Take the lines below from the one with "A fun guy. The" through the one with "Sea Captain'ın sahibi" and print only them, exactly. Don't print the pictures.

(Records provided)
= Beginning of Section =
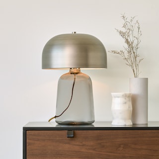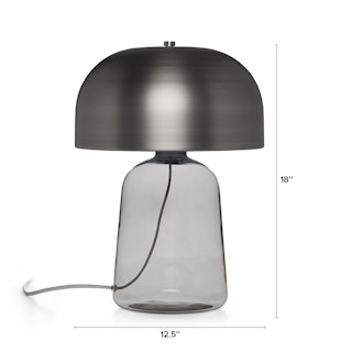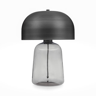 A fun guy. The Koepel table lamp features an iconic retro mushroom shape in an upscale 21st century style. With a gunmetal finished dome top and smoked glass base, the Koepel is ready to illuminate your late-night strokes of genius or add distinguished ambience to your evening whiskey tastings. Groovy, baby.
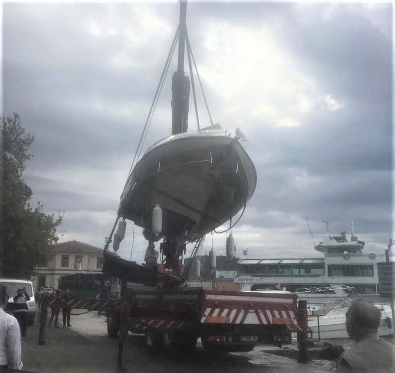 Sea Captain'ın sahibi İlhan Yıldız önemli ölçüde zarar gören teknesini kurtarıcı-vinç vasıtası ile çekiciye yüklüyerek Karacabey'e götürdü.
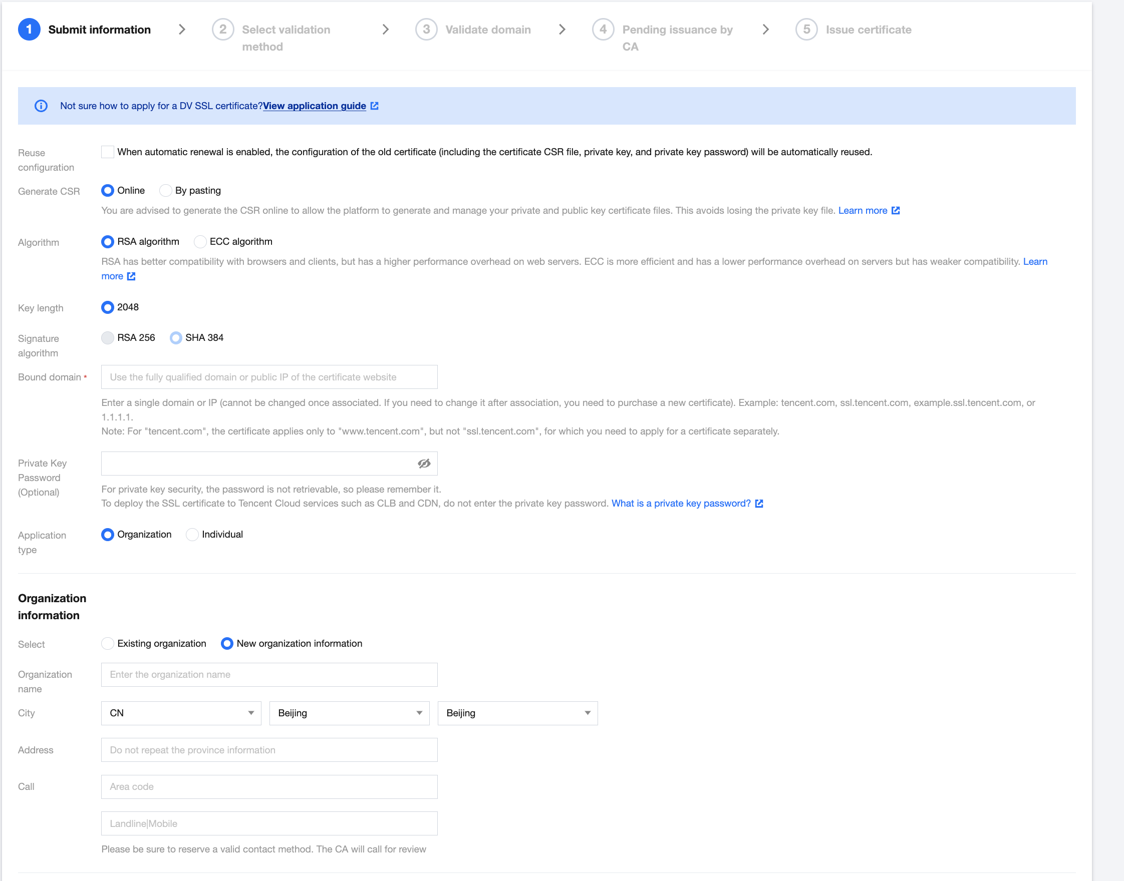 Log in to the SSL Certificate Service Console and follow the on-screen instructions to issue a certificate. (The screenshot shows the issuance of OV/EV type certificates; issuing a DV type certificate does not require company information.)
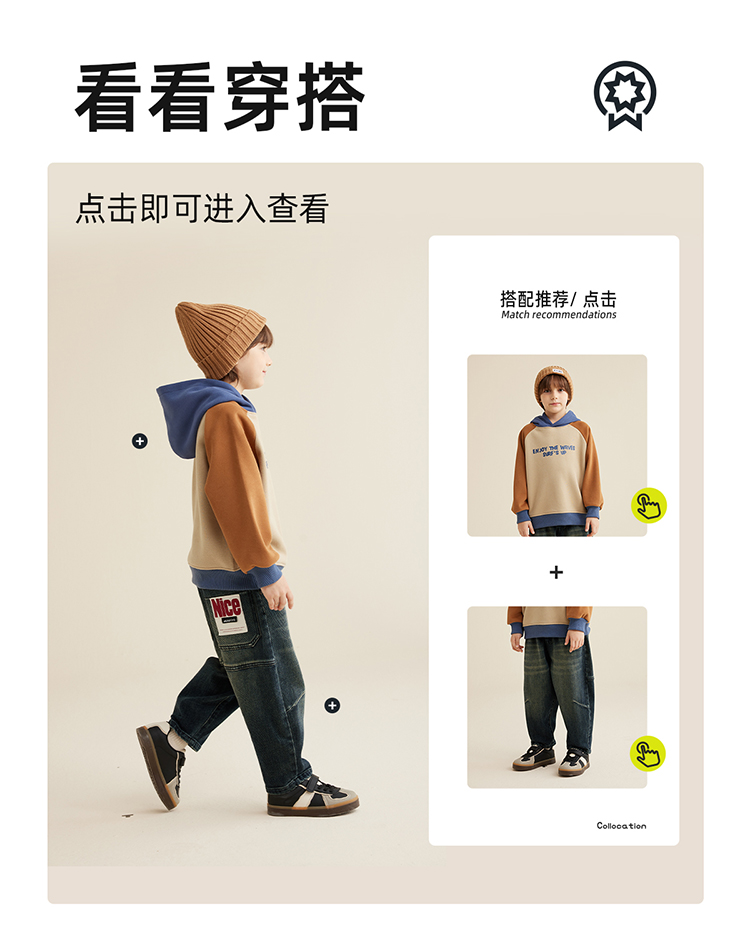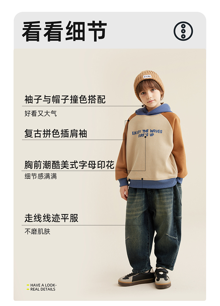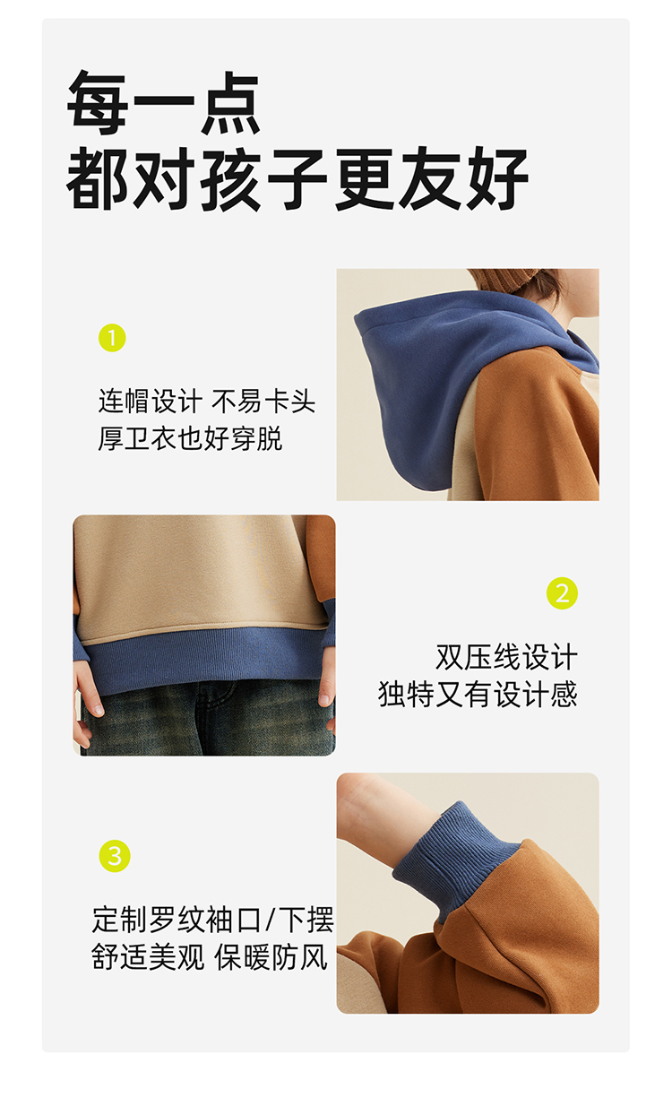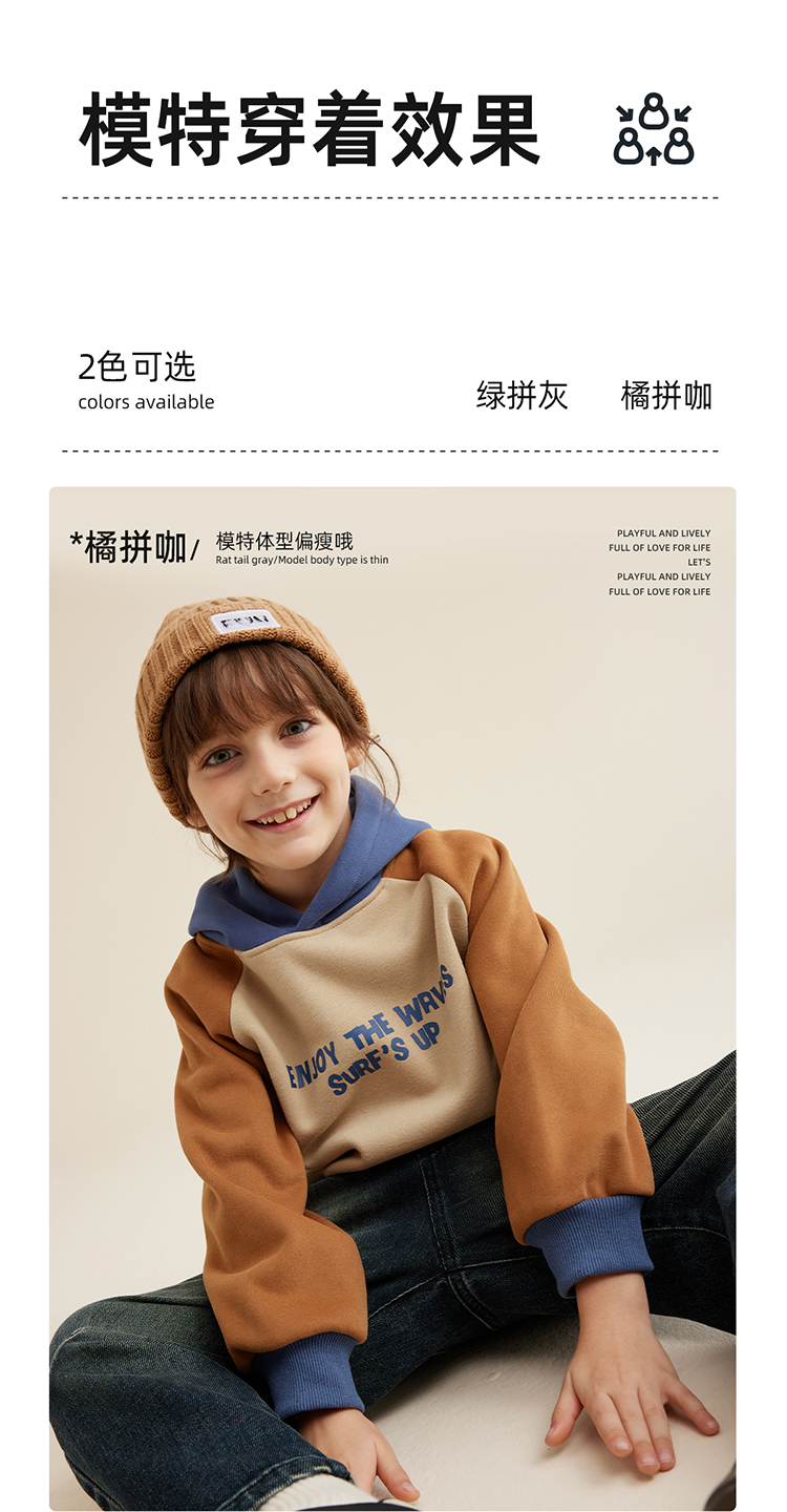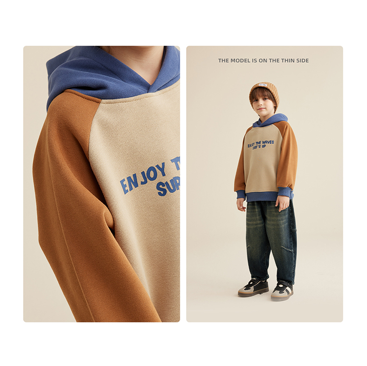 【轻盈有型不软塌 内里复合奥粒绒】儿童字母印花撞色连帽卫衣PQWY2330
= End of Section =
= Beginning of Section =
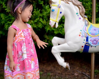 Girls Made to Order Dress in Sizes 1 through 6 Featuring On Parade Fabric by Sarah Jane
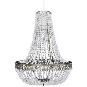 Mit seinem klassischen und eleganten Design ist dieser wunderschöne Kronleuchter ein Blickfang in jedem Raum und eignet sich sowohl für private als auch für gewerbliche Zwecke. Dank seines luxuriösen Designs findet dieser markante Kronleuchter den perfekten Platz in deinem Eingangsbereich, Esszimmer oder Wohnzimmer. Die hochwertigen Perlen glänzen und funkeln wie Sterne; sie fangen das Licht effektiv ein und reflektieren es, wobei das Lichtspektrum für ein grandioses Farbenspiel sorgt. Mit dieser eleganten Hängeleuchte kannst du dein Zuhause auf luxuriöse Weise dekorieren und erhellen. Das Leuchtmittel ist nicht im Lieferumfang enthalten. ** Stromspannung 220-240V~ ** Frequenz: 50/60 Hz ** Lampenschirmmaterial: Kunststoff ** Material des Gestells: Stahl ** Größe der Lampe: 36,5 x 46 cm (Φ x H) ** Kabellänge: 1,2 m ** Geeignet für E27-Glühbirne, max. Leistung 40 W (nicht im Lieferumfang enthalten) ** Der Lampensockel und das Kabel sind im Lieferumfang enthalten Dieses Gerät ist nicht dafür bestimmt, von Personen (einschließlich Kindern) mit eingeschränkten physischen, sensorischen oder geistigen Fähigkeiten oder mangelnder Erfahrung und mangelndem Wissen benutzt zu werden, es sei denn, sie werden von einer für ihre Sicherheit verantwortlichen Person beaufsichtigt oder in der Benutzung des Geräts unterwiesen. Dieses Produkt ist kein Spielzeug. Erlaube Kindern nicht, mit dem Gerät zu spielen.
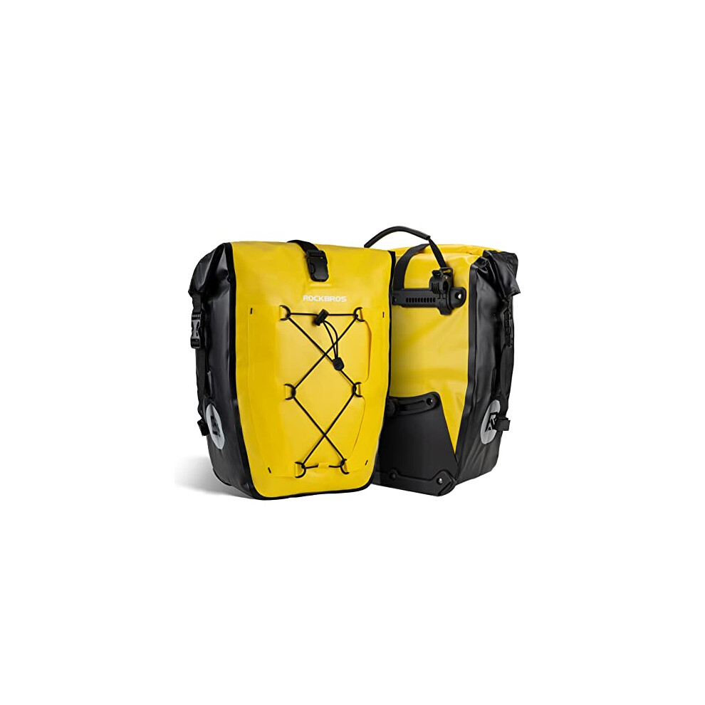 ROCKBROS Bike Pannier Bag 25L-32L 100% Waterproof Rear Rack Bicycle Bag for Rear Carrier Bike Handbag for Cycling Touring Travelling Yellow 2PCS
= End of Section =
(Result)
 A fun guy. The Koepel table lamp features an iconic retro mushroom shape in an upscale 21st century style. With a gunmetal finished dome top and smoked glass base, the Koepel is ready to illuminate your late-night strokes of genius or add distinguished ambience to your evening whiskey tastings. Groovy, baby.
 Sea Captain'ın sahibi İlhan Yıldız önemli ölçüde zarar gören teknesini kurtarıcı-vinç vasıtası ile çekiciye yüklüyerek Karacabey'e götürdü.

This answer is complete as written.